Harvey John Andrews (born 7 May 1943 in Stechford, Birmingham) is an English singer-songwriter and poet. Andrews has produced 16 albums singing his own songs, many of which have also been recorded by other artists.

Andrews began his career in 1964 and became a full-time musician in 1966. He is known for his collaboration on the musical Go Play Up Your Own End, which has been well-received in the Midlands, and his musical memoir, "Gold Star to the Ozarks." Andrews retired from full-time concert performances in 2012. Throughout his career, he has appeared at numerous festivals, on television shows, and hosted radio programs. He is the father of author Scott K. Andrews and was voted International Artiste of the Year in the 1996 Canadian Porcupine Awards for folk music.

==Career==
From 1964, Andrews supported his nascent career as a singer-songwriter by working as a schoolteacher, before becoming a full-time professional musician in 1966.

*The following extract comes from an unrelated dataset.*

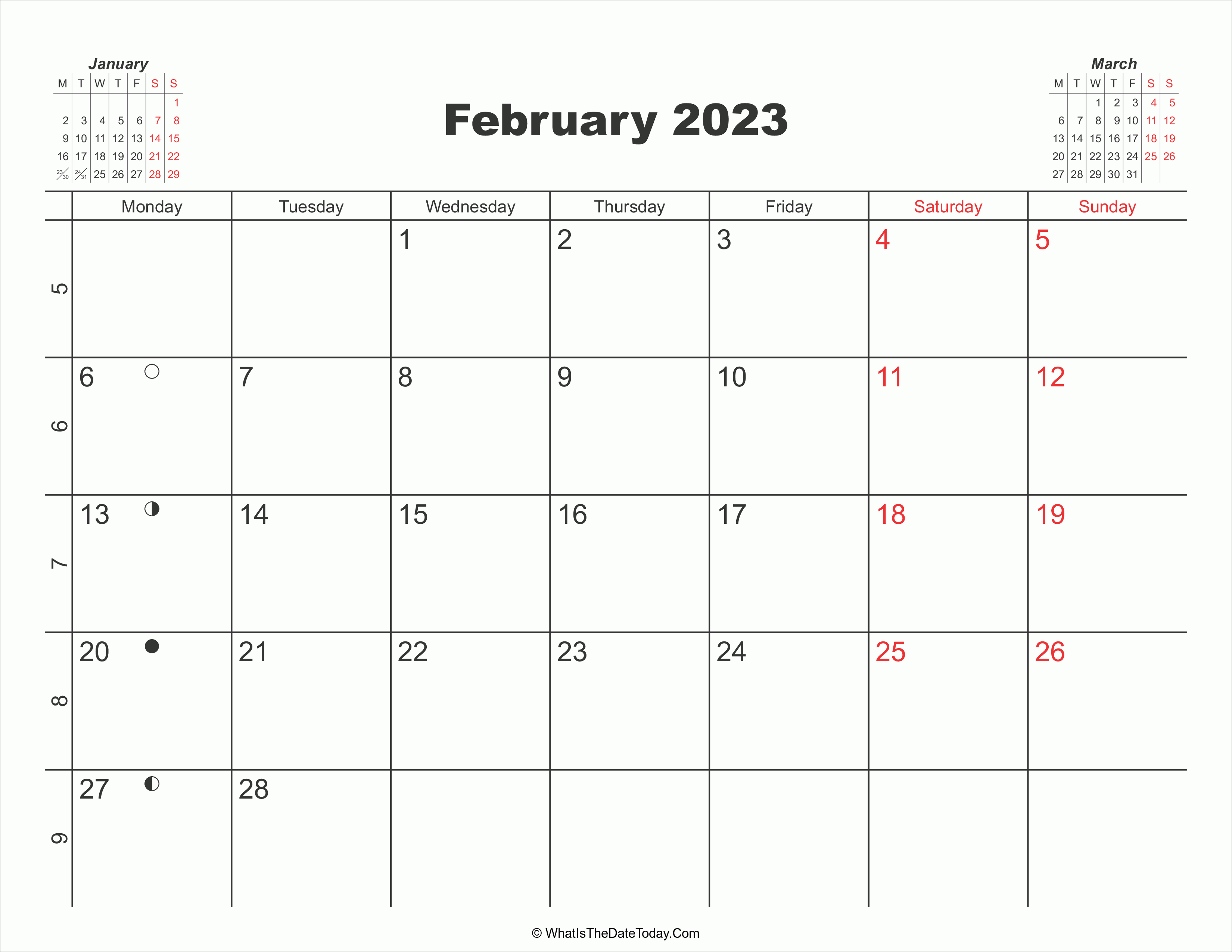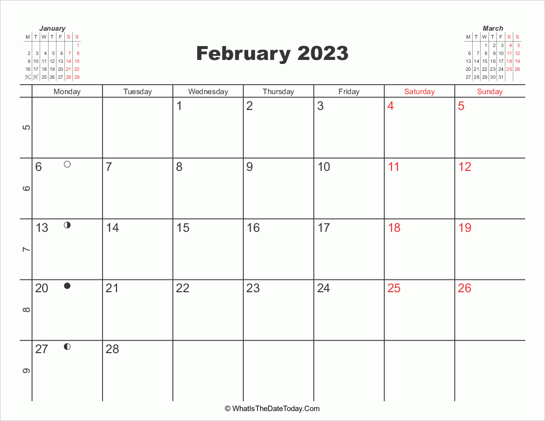 Printable Calendar February 2023 is a landscape calendar included moon phase, week number and two mini calendars at header. The calendar available for download and print in PNG format.
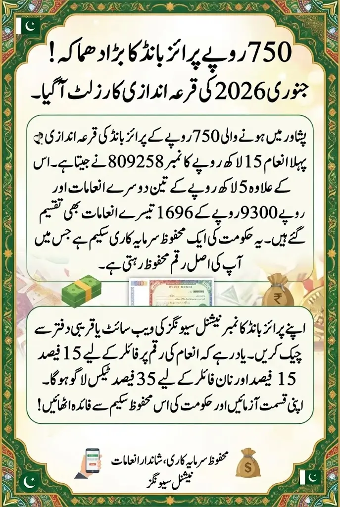 The January 2026 Rs. 750 prize bond draw has once again highlighted the popularity and reliability of prize bonds in Pakistan. With the first prize of Rs. 1.5 million awarded to bond number 809258 and multiple second and third prizes distributed, investors have ample reasons to participate in future draws.

He collaborated on a successful musical depicting life growing up in Birmingham in the 1940s and 1950s. Go Play Up Your Own End has been well received across the Midlands, especially in its production in 2006 featuring Jasper Carrot in a major role, but has yet to make the transfer to London. The musical has played at the Birmingham Repertory Theatre, the Birmingham Hippodrome and the Alexandra Theatre, thus setting a record of having been staged at every one of the second city's major theatres.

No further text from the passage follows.